Глядя на худющих плоских балерин, появляющихся на сцене, Джин понял, что опять даром тратит время. Если бы он выпустил такую девушку к себе на сцену и она продемонстрировала бы эти выступающие ребра и ключицы, номер провалился бы с треском. Он не понимал, зачем вообще пришел сюда, но это был тот случай, когда к делу подключилась его интуиция, заставившая его сидеть, не уходить и разглядывать девушек, совершенно не подходивших для пикант-шоу. И вот его сердце впервые дрогнуло, когда на сцену выпорхнула одна из выпускниц, и она была такая же худенькая и изящная, как и ее однокурсницы, но в том, как она легко выбежала из-за кулис, в каждом движении обязательных па, должных продемонстрировать уровень мастерства, в повороте головы, да и во всем ее облике было нечто, отличающее ее от других девушек, одетых, как и она, в легкие, взлетающие от танца полупрозрачные белые одежды. В ней, пожалуй, была та самая эротика, которую он искал. И он вдруг не на шутку испугался, когда один из зрителей встал со своего места и подошел к ряду, где сидела комиссия. Представившись помощником режиссера балетной труппы Псковского театра, он осведомился, не подписан ли у этой балерины с кем-нибудь контракт. Помреж удивился и обрадовался, услышав отрицательный ответ, так же удивился этому и Джим. Обычно выпускниц, которые чего-то стоят, помрежи и администраторы разбирали заранее, еще на зимней сессии, и к выпускным экзаменам будущие звезды провинциального балета уже имели подписанные контракты.

Когда закончились одиночные показательные выступления и курс стал показывать «Жизель», Джим понял, почему девушка, которая произвела на него и на псковского режиссера такое впечатление, оказалась не занятой. Она танцевала в массовке, у нее, несмотря на прирожденные танцевальные данные, не было даже собственной роли. Но и в массовых сценах, где внимание на себя оттягивали партии главных героев, была заметна ее профессиональная, вдруг обнаружившаяся несостоятельность. В руках партнера она теряла всю грацию, была напряженной и неумелой. Псковский помреж тут же потерял к ней всякий интерес и стал расспрашивать одного из членов комиссии о другой балерине, а Джим до окончания спектакля вышел на улицу и пошел пообедать в ближайший ресторанчик. У него неожиданно оказалось много свободного времени. Он пообедал и, довольный и успокоившийся, вернулся в училище к тому моменту, когда дипломная комиссия, совещавшаяся в пустом зрительном зале, впустила толпящихся под дверью волнующихся дипломников.
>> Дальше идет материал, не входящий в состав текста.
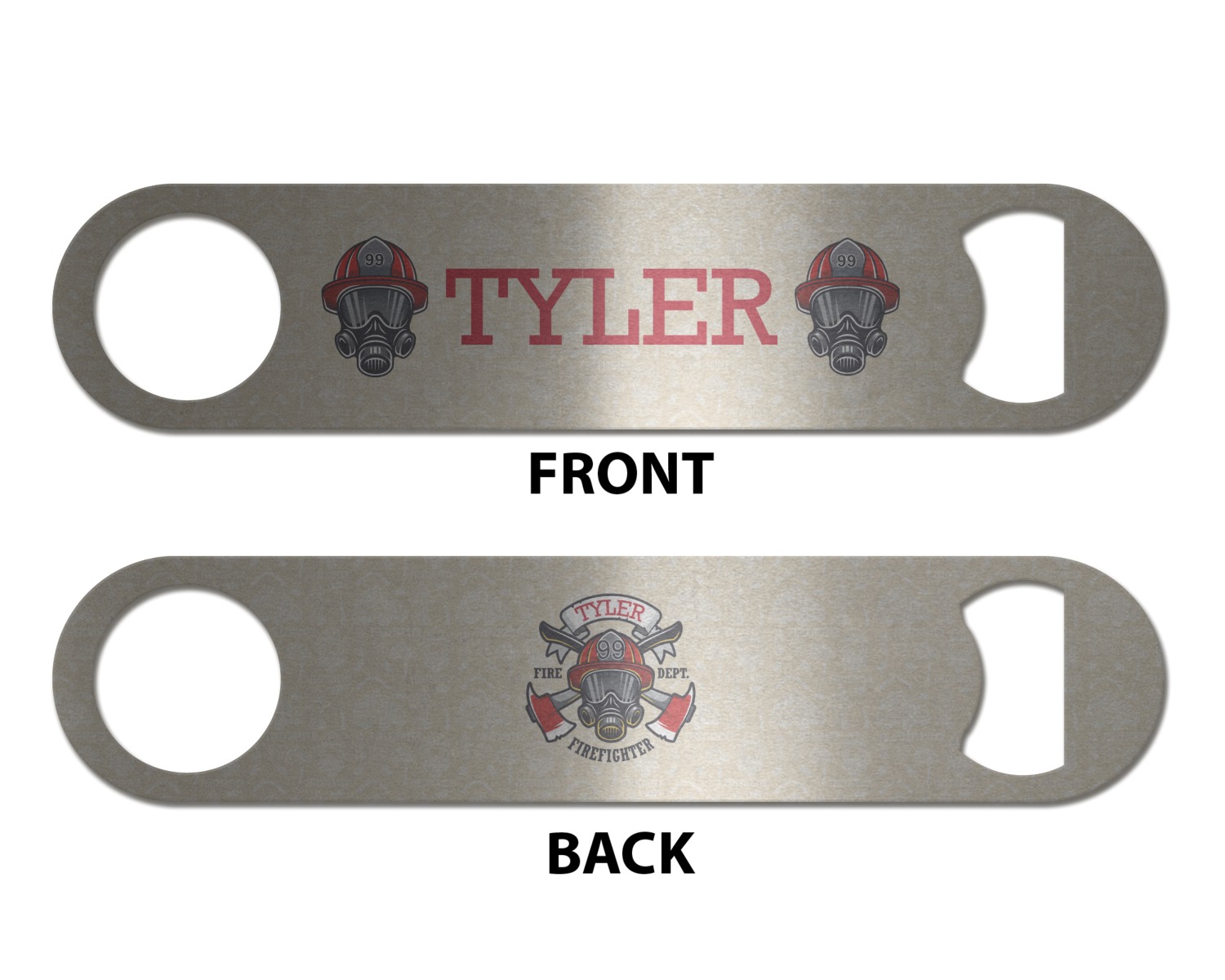 Made from stainless steel, these beer bottle openers are 7 by 1.625 inches, giving you plenty of leverage when trying to open a stubborn bottle. On one end of this personalized bottle opener, you'll find a circular hole for you to hang and display your opener. On the opposite end, you'll find the tool used for opening bottles. This opener in particular has the same structure and style as professional bartender bottle openers. Your customization is sublimated onto both the back and front, and both sides can be customized individually. Choose from one of our two base colors - white or silver.

Джим вошел вместе с ними Председатель комиссии объявлял выпускникам оценки, поздравляя их с успешным или отличным окончанием училища. С девушкой, которая его заинтересовала, все произошло примерно так, как он и предполагал, сидя в ресторане.

Когда все оценки были объявлены и довольные выпускники покинули зал, она, удивленно глядя на председателя, сказала:

— Вы пропустили мою фамилию.

— С вами, Ракитина, разговор особый, — произнес председатель, и с лица его разом соскочила приятная торжественная улыбка, с которой он обращался к ее однокурсникам. — Комиссия, посовещавшись, пришла к выводу, что диплом мы вам выдать не сможем. Мы не имеем права оценить ваше мастерство даже удовлетворительно. У вас будет обычный аттестат об окончании средней школы и справка об окончании хореографического училища.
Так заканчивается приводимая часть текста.